As he awaits a doctor, Gaudet – like many others in his situation –  have turned to walk-in clinics and emergency rooms for care.

But those avenues have come with their own set of challenges.

Simply booking an appointment at a clinic can turn into an exercise in frustration, he said, because “if you don’t call at the right time, you won’t get in.”

Gaudet was told by a clinic receptionist to go to the emergency room a couple years ago when he needed an X-ray for his wrist.

On at least a couple of occasions, he has visited the emergency department only to leave after spending three hours waiting. At the time, he decided to leave his injuries untreated and “let nature take its course” instead.

Nurse practitioners are one solution to ensuring residents receive  primary care, said Paula Doucet, president of the New Brunswick Nurses’ Union.

She said nurse practitioners come with more advanced training than registered nurses, allowing them to diagnose and treat common illnesses as well as prescribe medications.

The nurses’ union, along with the Nurses Association of New Brunswick, is calling for political parties to pledge to create more jobs for these professionals.
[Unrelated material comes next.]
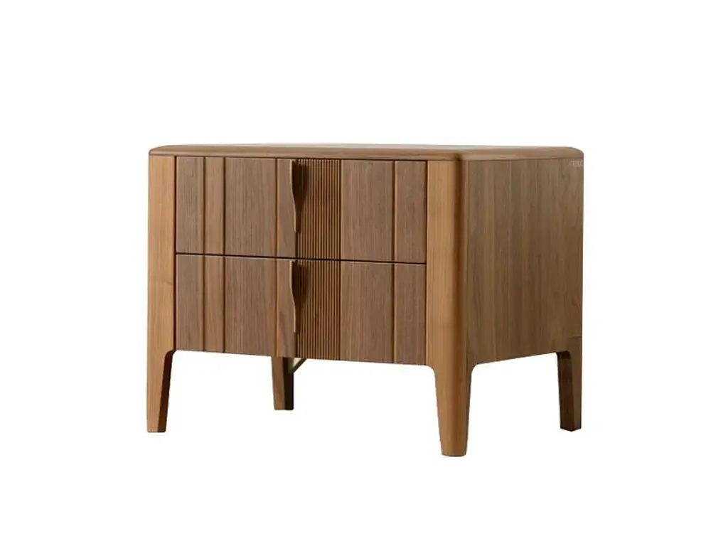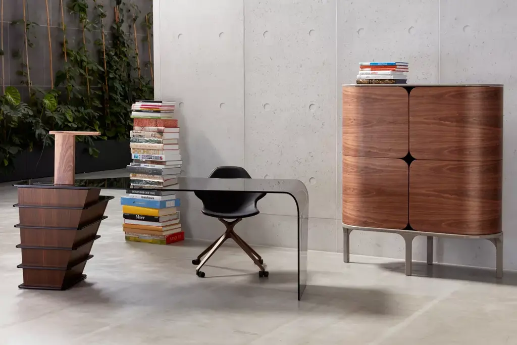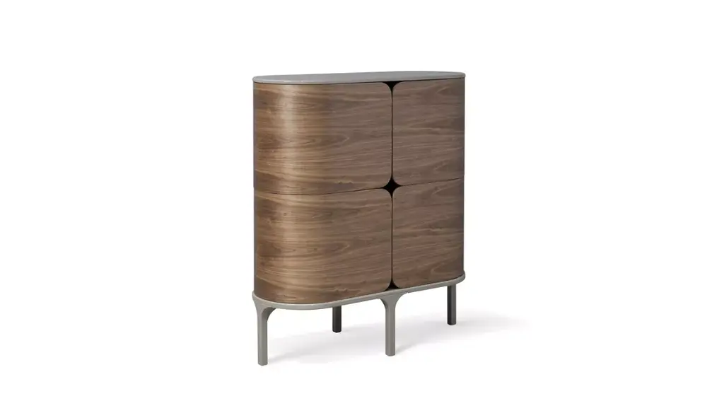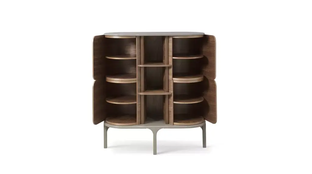 This China unit evokes the idea of metamorphosis. In beech and walnut veneer, it features two cylinders that pivot open to give access to the storage inside.

Doucet said six nurse practitioners in the province are currently at risk of losing their licenses because they are unable to find enough hours of work by the end of 2018.

“If they had 500 patients each, that’s taking 3,000 people off the Patient Connect list right there,” she said, adding that  nurse practitioner positions cost less than a doctor position.

This week, Gaudet called Tele-Care 811 to check in on the status of his request for a doctor. After nearly four years of waiting, Gaudet said he was half-expecting to hear his name “got lost in the shuffle.”

It turns out this wasn’t the case. Gaudet said  the  employee confirmed his file was still active after verifying his address and medical history. Gaudet said he has placed no restrictions on his file, such as language or gender of provider, other than how far he would be willing to travel. He’s willing to drive up to 25 km for a provider.

“When we finished speaking, she thanked me for calling Patient Connect NB,” Gaudet said, letting out a small chuckle.